Local commercials are a TV genre unto themselves; often low-budget to the point of almost being homemade, and produced without the benefit of ad consultants trying to make it more palatable to suburban masses, they can be cringeworthy and inadvertently hilarious. But they can also be just as memorable as a $1 million Super Bowl ad — and after all, isn't that the goal? How many Memphians of a certain age remember Memphis preacher Dr. James Salton telling local TV audiences "You'll never get nowhere smoking the pipe"? It's the rare advertisement that created such a following that fans made T-shirts devoted to it.
Memphis' Bernard Funeral Services scored a viral hit with a 2018 ad wherein the deceased is so shocked by their low prices, he sits up in the coffin and demands to be taken there.
- The Bernards’ 2018 TV ad was their first claim to fame
The Bernards were, at the time, relative newcomers to the industry, says family matriarch Debbie Bernard. "My brother and I used to talk about the mortuary business, maybe 10, 15 years ago. We would just talk about it, but we never really did anything about it. As time progressed and we started doing other things, we put it on the back burner. Then we pulled it up to the front burner."

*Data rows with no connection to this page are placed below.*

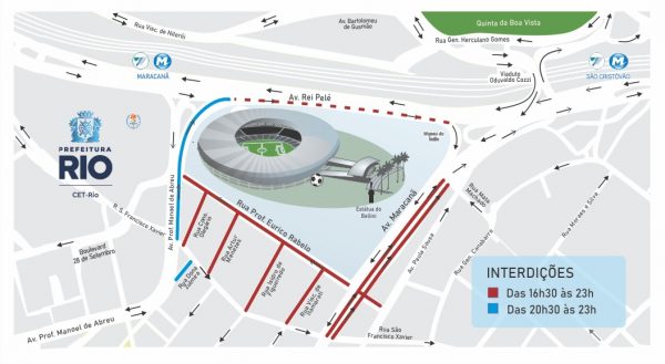 CET-Rio preparou esquema especial de trânsito para jogo no Maracanã - Marcos de Paula/ Prefeitura do Rio A CET-Rio montou esquema de trânsito para o jogo entre Flamengo e Maricá, neste sábado (22/2), às 19h, no Maracanã, pelo Campeonato Carioca. A partir das 16h30 haverá interdições ao tráfego de veículos na região do estádio. E, além dos locais regulamentados com proibição de estacionamento, outras vias estarão restritas ao estacionamento a partir das 10h. A Companhia contará com 30 agentes e apoiadores de tráfego, cinco veículos operacionais e oito motocicletas, que estarão empenhados na orientação do trânsito. E, ainda, no reforço das informações do tráfego, 13 painéis de mensagens variáveis informarão sobre os horários dos fechamentos e as rotas alternativas. Todo o conjunto é em favor da segurança viária, fluidez do trânsito, manutenção dos cruzamentos livres, como também na orientação dos pedestres, torcedores e motoristas.
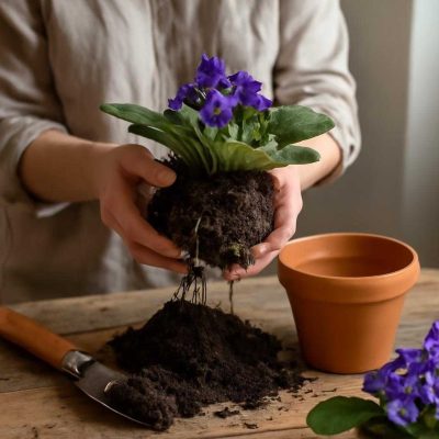Молодой стартер сенполии обычно похож на пушистый фонтан зелёных листьев, но корням тесно в временном...
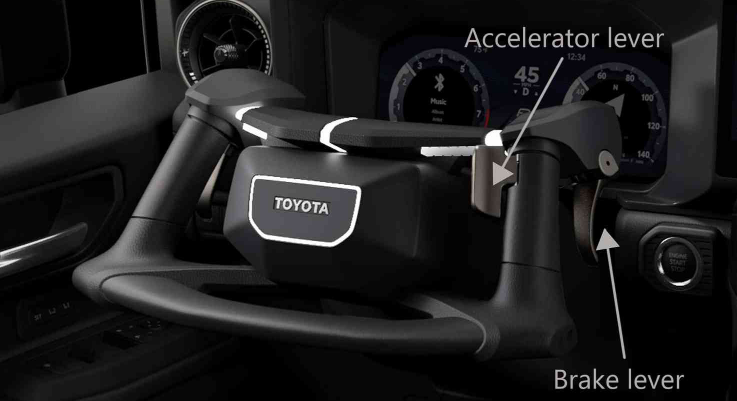 近日,丰田推出了一款全新样式的半幅式方向盘,该方向盘将在2024款普拉多上首次搭载。值得一提的是,这款方向盘的设计灵感来源于摩托车车把,油门和刹车全部被集成在了方向盘上。
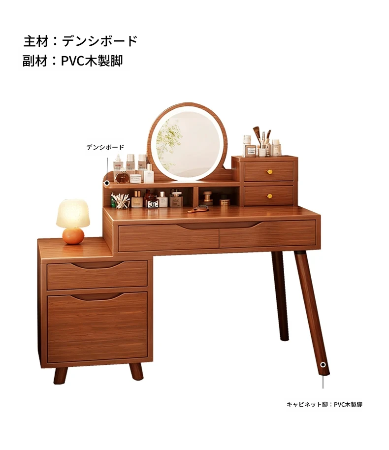 【サイドテーブル+LEDミラー+レザーウッドスツール】ウォールナット色 80-110CM
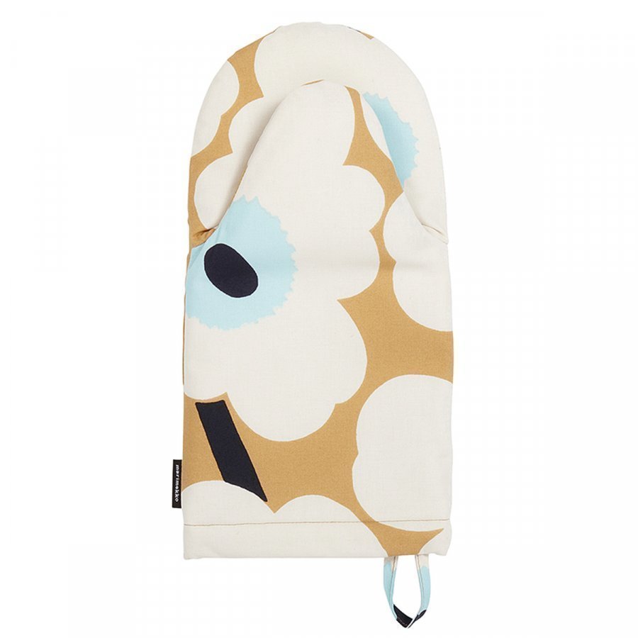 Marimekon Pieni Unikko -uunikinnasta elävöittää Maija Isolan vuonna 1964 suunnittelema ikoninen kukkakuosi beigen, luonnonvalkoisen ja vaaleansinisen lempeissä sävyissä. Topatussa uunikintaassa on kätevä ripustuslenkki, ja se sopii sekä oikea- että vasenkätisille ruoanlaittajille.
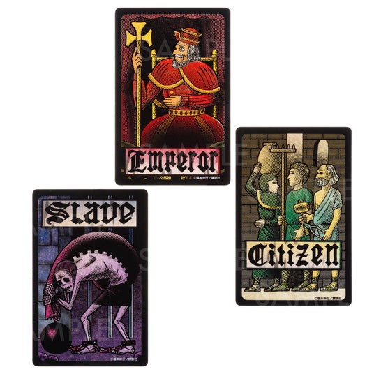 『賭博黙示録カイジ』に登場する究極の心理戦ゲーム『Eカード』が、耐水ステッカー3枚セットで登場!ファンの間で語り継がれるカイジvs利根川の名勝負で使われた悪魔的カード3種を、新たにリファイン!見るだけで緊張感が走るこのシールを、あなたはどこに貼るか?それとも貼られるか!?
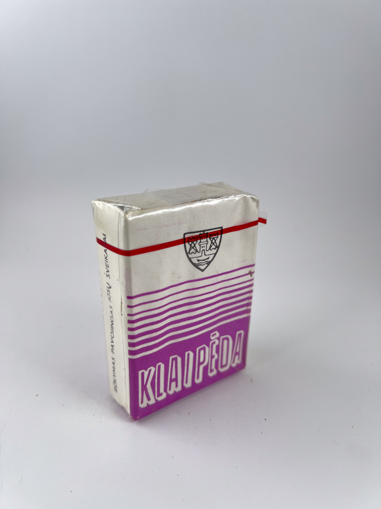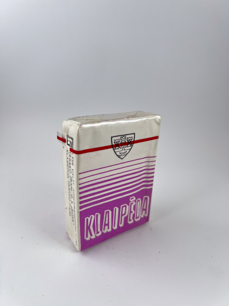 Šone nurodyta: „Lietuvos TSR, Klaipėdos tabako fabrikas“, o priešingoje pusėje – tipiškas laikotarpio įspėjimas „Rūkymas pavojingas jūsų sveikatai“.
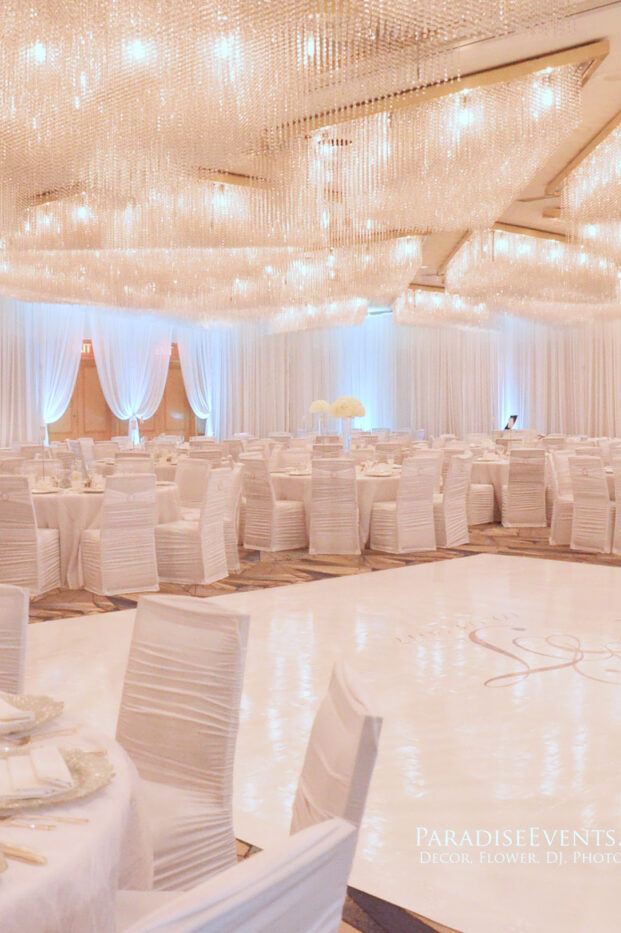 Crystal Pavilion Ballroom: A showstopping space with a dazzling crystal canopy, 2,400 sq. ft. foyer, and room for up to 600 guests—perfect for cocktails, dancing, and elegant receptions.
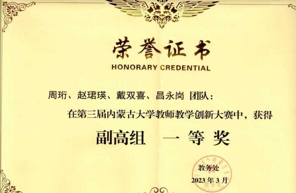 BB贝博教师周珩、赵珺瑛、戴双喜、昌永岗团队获得“副高组”一等奖;塔娜、李卫东团队获得“正高组”二等奖。
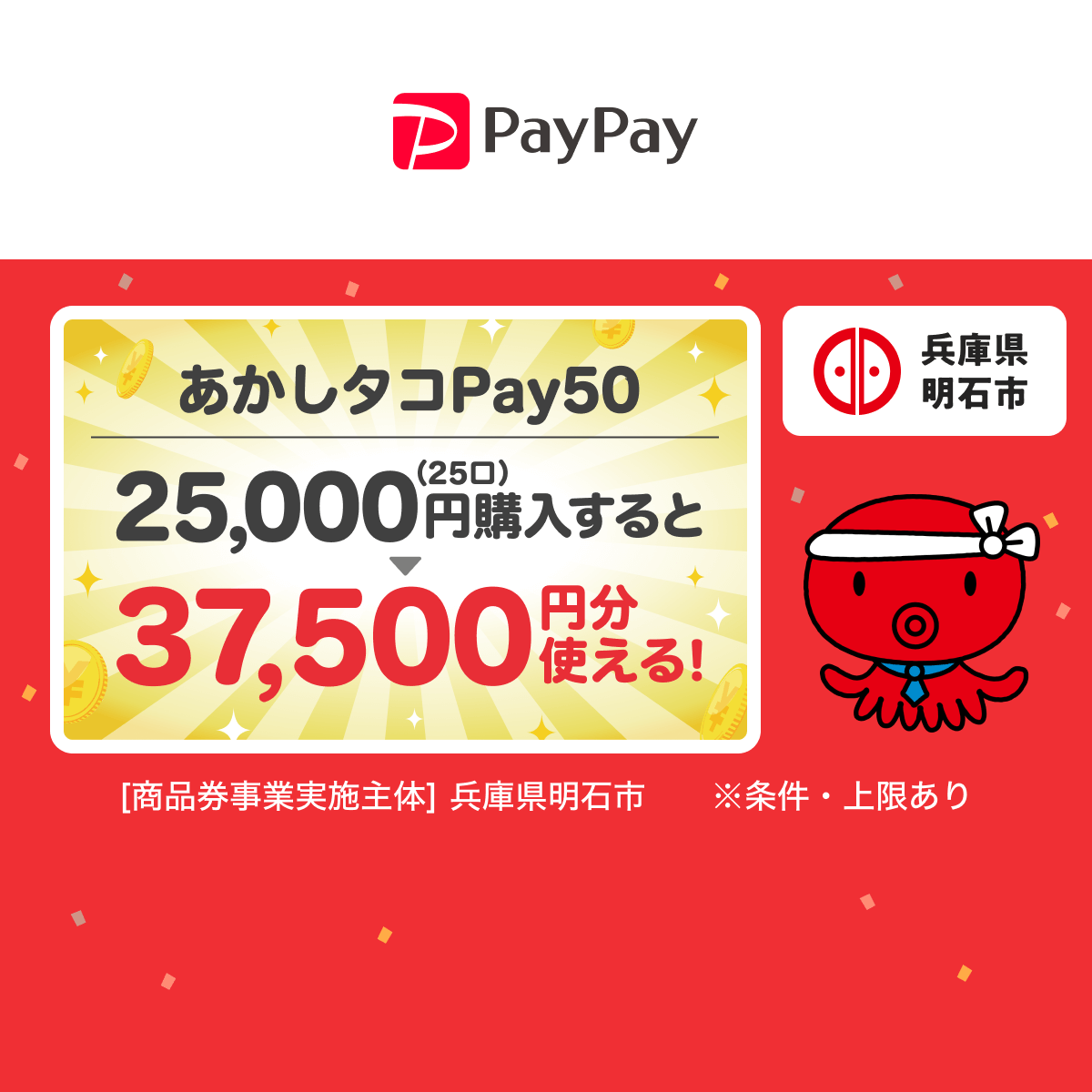 更に詳細情報を知りたい方はPayPay公式ページ「あかしタコPay50」をご確認くださいませ(下記)
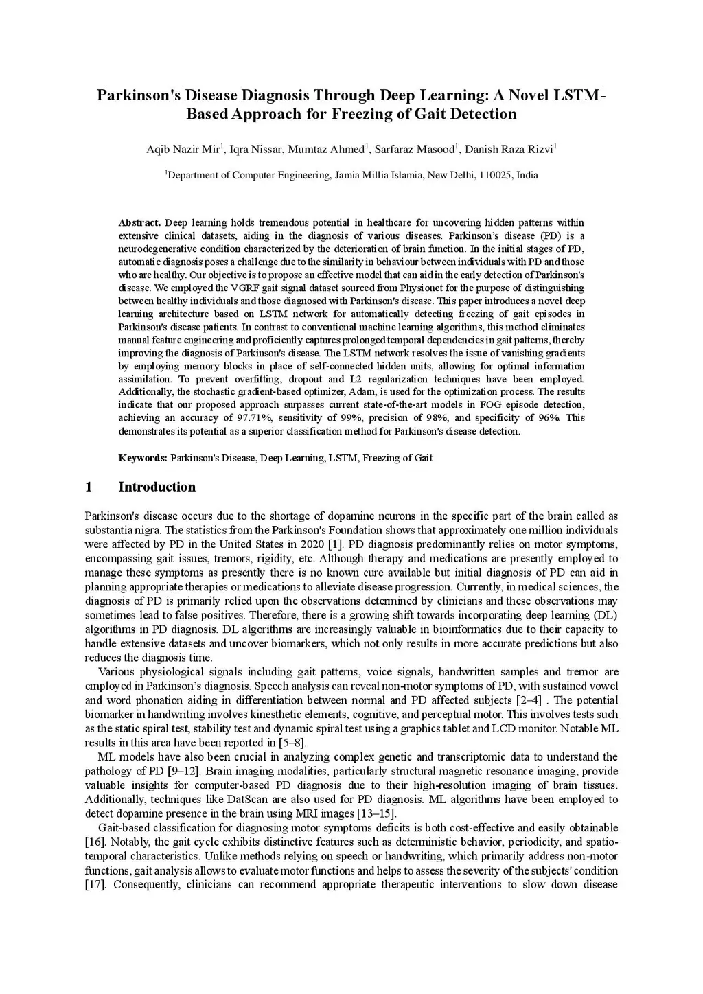 Deep learning holds tremendous potential in healthcare for uncovering hidden patterns within extensive clinical datasets, aiding in the diagnosis of various diseases. Parkinson's disease (PD) is a neurodegenerative condition characterized by the deterioration of brain function. In the initial stages of PD, automatic diagnosis poses a challenge due to the similarity in behavior between individuals with PD and those who are healthy. Our objective is to propose an effective model that can aid in the early detection of Parkinson's disease. We employed the VGRF gait signal dataset sourced from Physionet for distinguishing between healthy individuals and those diagnosed with Parkinson's disease. This paper introduces a novel deep learning architecture based on the LSTM network for automatically detecting freezing of gait episodes in Parkinson's disease patients. In contrast to conventional machine learning algorithms, this method eliminates manual feature engineering and proficiently captures prolonged temporal dependencies in gait patterns, thereby improving the diagnosis of Parkinson's disease. The LSTM network resolves the issue of vanishing gradients by employing memory blocks in place of self-connected hidden units, allowing for optimal information assimilation. To prevent overfitting, dropout and L2 regularization techniques have been employed. Additionally, the stochastic gradient-based optimizer Adam is used for the optimization process. The results indicate that our proposed approach surpasses current state-of-the-art models in FOG episode detection, achieving an accuracy of 97.71%, sensitivity of 99%, precision of 98%, and specificity of 96%. This demonstrates its potential as a superior classification method for Parkinson's disease detection.
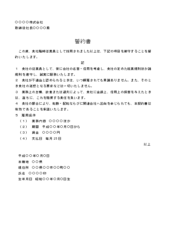 ○○○○株式会社 取締役社長○○○○殿 誓約書 この度、貴社臨時従業員として採用されました以上は、下記の項目を厳守することを誓約いたします。 記 1 貴社の従業員として、常に会社の名誉・信用を考慮し、貴社の定めた就業規則ほか諸規則を遵守し、誠実に服務いたします。 2 貴社が不適当と認められるときは、いつ解雇されても異議ありません。また、そのとき貴社の迷惑となる要求などは一切いたしません。 3 業務上の怠慢、故意または過失によって、貴社に金銭上、信用上の損害を与えたときは、直ちに、これを賠償する責任を負います。 4 貴社の都合により、転勤・配転ならびに関連会社へ出向を命じられても、本契約書は有効であることを承諾いたします。 5 雇用条件 (1) 業務内容 ○○○○ほか (2) 期間 平成○○年○月○日から (3) 賃金 ○○○○円 (4) 支払日 毎月25日 以 上 平成○○年○月○日 本籍地 ○○県 現住所 ○○県○○市○○町○○ 氏名 ○○○○印 生年月日 昭和○○年○月○日生
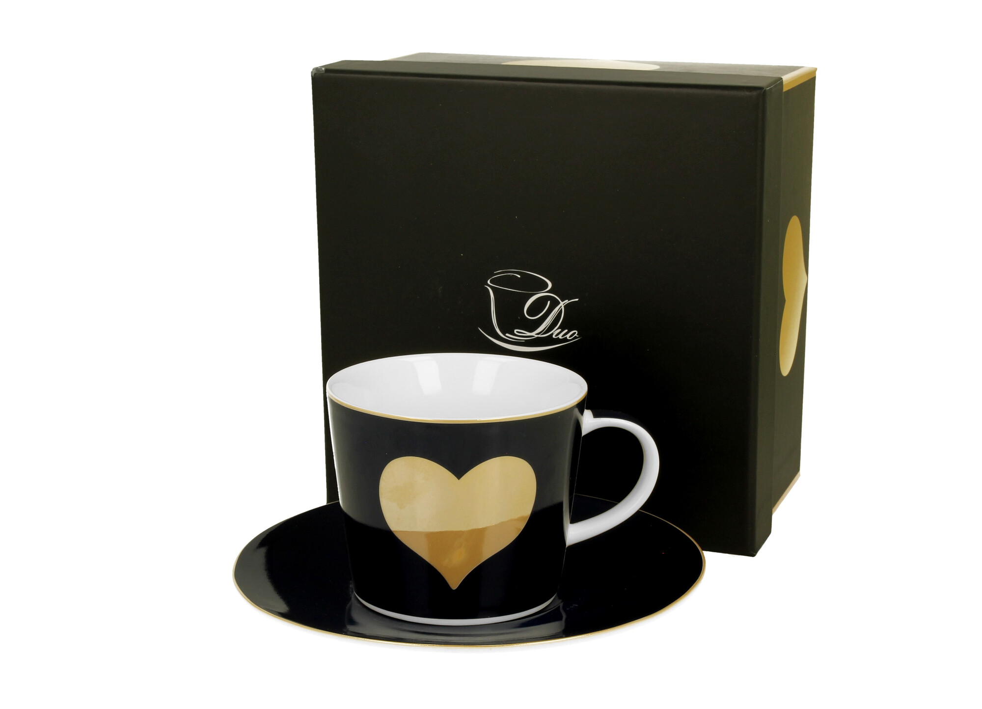 Filiżanka ze spodkiem Granatowa - WIELKIE SERCE wchodzący w skład serii SERCA, wykonana z porcelany New Bone China, charakteryzującej się elegancką i naturalną kremowo - białą barwą z delikatnym połyskiem, a także wyjątkową wytrzymałością.Filiżanka zdobiona wzorem ogromnego złotego serca na...

Now they're about to be on the Netflix front burner in a new reality series called Buried by the Bernards. Life comes at you fast.
- Kevin and Debbie of the new Netflix show Buried by the Bernards
A close-knit family with roots in Memphis that go back generations, the Bernards all pitched in on the new business endeavor, says Debbie. "Everybody had something that they had to contribute. Ryan's was the biggest, actually. He had to go to class, go to mortuary school, take the mortuary test and everything. My assignment was 'research and development.' Regan was gonna work on the website. So collectively we got all together and our Bernard Funeral Services was born."
Ryan Bernard says his mortuary science training was "an eye-opening experience. You know about death. It's natural to life. But to actually go to school and learn the ins and outs of it, it's almost like going to doctor school. You have to learn everything about the body and the nervous system. It's also like being a psychiatrist, a grief counselor. You have to deal with many aspects of death, and grieving families."
What first attracted public attention was probably the building Debbie chose for the new business: a former Union Planters bank at Lamar and Pendleton in Orange Mound. The location was perfect, and the building had a drive-through window, so they decided to make the most of it and offer drive-through funeral services. Before the pandemic, comedians thought this was hilarious. Debbie heard all the jokes. "Can I have two orders of fries and a milkshake with that?"
Ryan was booked on national talk shows. "They had me on The Steve Harvey Show trying to make a joke about it. I had to go defend the operation and let them know what the real was. Now, fast-forward two years down the road, the drive-through has been helping us out, especially with COVID. And it's been helping out families, too."
The TV exposure started the phones ringing. "We were just coming out the gate. We were trying to focus on building our brand and building our business," says Debbie. "The people who called, some of them were just saying 'Ryan needs a wife. Can I speak to him?' We ain't got time for that lane."
One of the people who called was reality show producer Warren D. Robinson. At first, Debbie didn't take his pitch seriously. "We said the 'D' stood for 'Don't call here no more!'"
But Robinson persisted. Ryan says he didn't think his jovial family would make for good reality show fodder. "People want to watch drama and stuff, you know? I was also thinking, how could we make a good reality show but then still maintain a professional, serious business? We don't want people to take us as a joke. They told us it would be very family-oriented, and they could make it a comedy, and there wouldn't be any drama, and it wouldn't be anything that would jeopardize and take away from my profession. Obviously, my uncle Kevin and my mama, they can act a fool. They gonna do that anyway."
Kevin Miller says the humor in Buried by the Bernards comes naturally to everyone involved. "They looked at us as characters, but that's just us every day around the funeral home."
The show was filmed from January to March 2020, wrapping right before the COVID pandemic hit. When it debuts on Netflix on Friday, February 12th, the Bernards will suddenly reach an international audience. "I'm shocked," says Ryan. "This thing is going to be in 191 countries! It just doesn't feel real to me."
Buried by the Bernards premieres on Netflix Feb. 12.